A dental worker is back from a two-week African adventure filled with every emotion under the sun.
The scenes which faced Joanne Brown when she arrived in Uganda were nothing like she has ever experienced before.
Chris Cordner reports.
SHE boarded the plane as the snow pelted down.
This was the North-East in the middle of winter. Joanne Brown was huddled against the -10C conditions.
Eight hours, and four in-flight movies later, Joanne landed in Uganda.
It was the middle of the night and the temperatures had cooled down to a mere 30C.
For Joanne, who normally works as a dental therapist for the Elliott McCarthy practice in Hartlepool, it was a complete change of scenery and a completely different type of dentistry.
For the next two weeks, she helped the village people of Kumi and Mbale, in Eastern Uganda, as part of a Christian Relief mission. She's back home with a lifetime of memories.
After one initial night in a Ugandan bed and breakfast (with a bed, a mosquito net and a cold-water shower), the hard work began.
Joanne, 38, and her fellow Christian Relief team had to haul 25kgs each of donated dental equipment onto a mini bus and take it to the villages they planned to visit.
"They were dusty roads in the middle of nowhere and a lot of the people we saw had never seen white people before. We were treated like celebrities," said Joanne.
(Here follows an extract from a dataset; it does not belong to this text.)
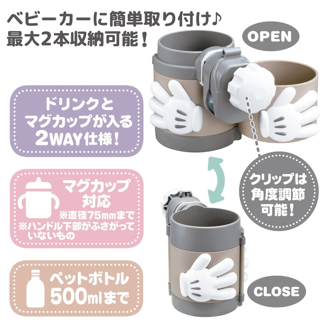 ベビーカーにかんたん取り付け!ペットボトルやマグカップを最大2つまで収納可能なミッキーの2WAY仕様のドリンクホルダーです。開くだけで簡単にドリンクを1つ収納と2つ収納に切り替えられるので、シーンに合わせて使い分けられます。
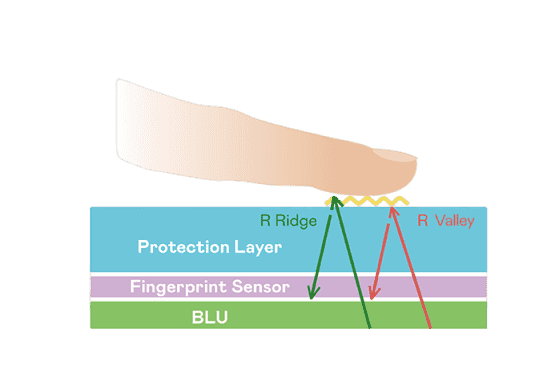 TFT 指纹扫描感测技术利用薄膜电晶体 (TFT) 当作光感测元件,,,藉由非晶硅 (a-Si) 与低温多晶硅(LTPS)既有光电转换特性对不同波段光源进行吸收,,,,使感测 IC 读取阵列感测元件的光漏电差异,,,转换成数位灰阶影像。。

Once the team arrived at their destinations, they had to unload supplies of anaesthetics and filling material, forceps (for extracting teeth), needles, gloves and masks.
"We would arrive in a village and find queues of people waiting for treatment," said Joanne.
"We would set up surgery in an unused school room with no electricity, no lighting and on an uneven floor."
They treated 200 people each day and still found massive queues waiting outside. "We would have to turn some people away and the most heartbreaking thing is some of them might have walked 30 miles to get there," said Joanne, who is married to motor bike salesman Stephen, 41.
"But we had to draw a line somewhere at how many people we treated each day."
The conditions of the patients – and their dental hygiene – was shocking.
"There were people who'd had tooth decay for months and nowhere for them to get it sorted," said Joanne. "There were a lot of people with abscesses, people with blood poisoning and children with swollen faces.
"The children all had teeth which had been ground down because, all they ate all day, was sugar cane. It was very fibrous and it was flattening their teeth. Their diet was so basic."
The surprises did not end there. Much of the treatment given by the time was for non-dental complaints.
One such problem involved small worm-like insects called jiggers which had embedded themselves into the victim's foot.
"We had to give lots of people disinfectant for that," said Joanne.
"Another woman had a fractured jaw which had been wired at a local hospital but they had not given her antibiotics so we had to give her that."
Another problem involved educating Ugandan people about oral conditions.
Ugandan families panicked when they saw the first teeth coming through the gums of their young children – thinking it was a worm infestation.
They would take the children to a witch doctor who would yank the tooth out of the infant's heads.
"Ugandan children would have the growth of all their remaining teeth displaced by the witch doctor and we were having to educate families that it wasn't a worm. It was just a tooth coming through," said Joanne.
Yet despite all the problems, Joanne, originally from Sunderland, admitted: "My abiding memory is of the nicest people you could possibly meet. One man was on his hands and knees thanking us for helping him and his family.
"While they did not have anything to their name, they had community and they looked after each other. They were friendly, beautiful and happy."
She said it had been a delight to "help put a smile on the faces of people."